- Alt. US 40 highlighted in red

Route information
- Auxiliary route of US 40
- Maintained by MDSHA
- Length: 31.80 mi (51.18 km)
- Existed: Early 1980s–present
- Tourist routes: Historic National Road Mountain Maryland Scenic Byway

Major junctions
- West end: US 40 in Keysers Ridge
- MD 495 in Grantsville; US 219 Bus. near Grantsville; MD 36 in Frostburg;
- East end: I-68 / US 40 / US 220 in Cumberland

Location
- Country: United States
- State: Maryland
- Counties: Garrett, Allegany

Highway system
- United States Numbered Highway System; List; Special; Divided; Maryland highway system; Interstate; US; State; Scenic Byways;

= U.S. Route 40 Alternate (Keysers Ridge–Cumberland, Maryland) =

Highway in Garrett and Allegany counties in Maryland

U.S. Route 40 Alternate (Alt US 40) is the U.S. Highway designation for a former segment of U.S. Route 40 (US 40) through Garrett and Allegany counties in Maryland.

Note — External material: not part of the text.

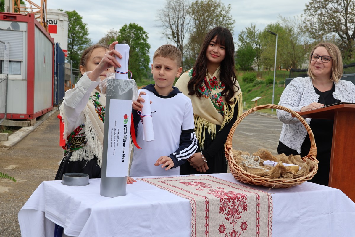 Na gradilištu nove sportske dvorane OŠ Sveti Martin na Muri položena je vremenska kapsula u kojoj suvremenici ostavljaju zapis o ulozi ovoga važnoga projekta u našem dobu. Radovi na gradnji novoga objekta teku planiranom dinamikom i za otprilike godinu dana učenici i ove škole imat će uvjete za obrazovanje 21. stoljeća. Školska dvorana je vrijedna 4.633.265 eura, od čega je projektnom aktivnošću Županije osigurano sufinanciranje od 2.749.985 eura iz europskih fondova putem Nacionalnog plana oporavka i otpornosti, a preostali dio financirat će Međimurska županija i Općina Sveti Martin na Muri.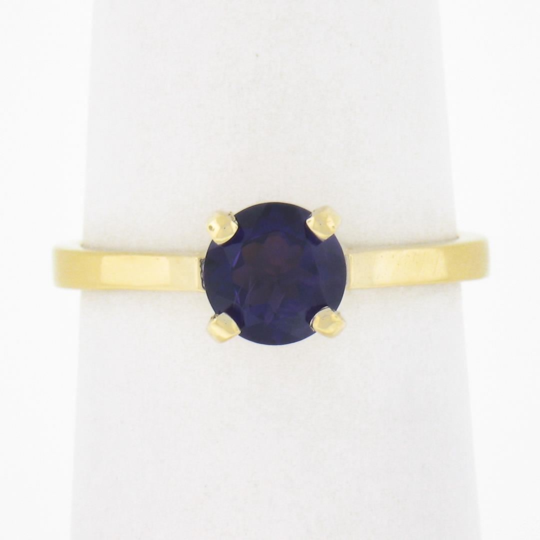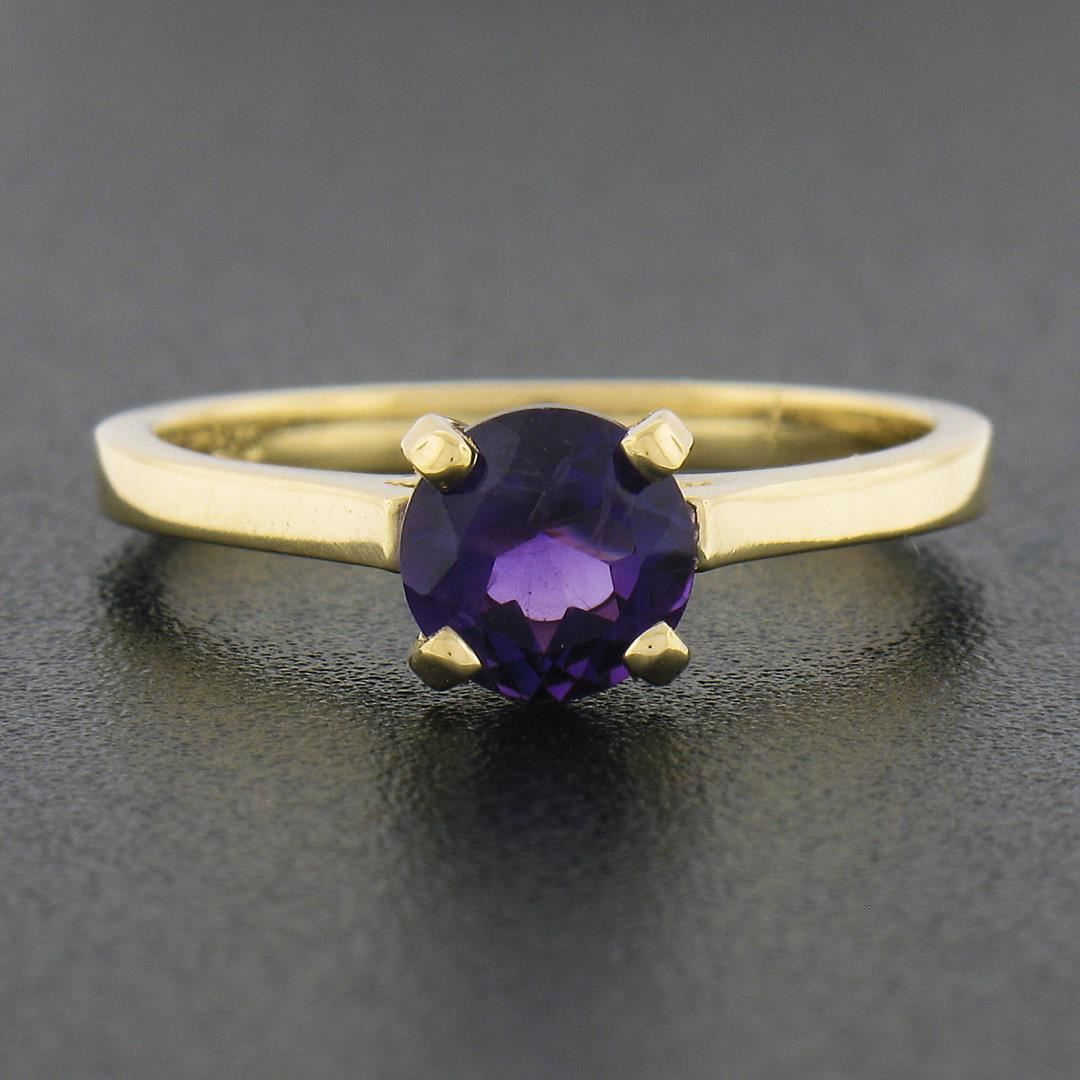 A new solid 14k yellow gold solitaire ring, with 1 round cut natural amethyst (1.03ct). The ring is size 6.0, weighs a total of 2.38 grams, and measures 5.95mm wide.

The highway begins at US 40 near exit 14 on Interstate 68 (I-68) and runs 31.80 mi eastward to Cumberland, where it ends at exit 44 on I-68. Alt US 40 is maintained by the Maryland State Highway Administration (MDSHA).

The highway is known as National Pike because it follows the original alignment of the historic National Road. As a result, there are many historic sites along Alt US 40, including the Casselman Bridge in Grantsville and the last remaining National Road toll gate house in Maryland, located in LaVale.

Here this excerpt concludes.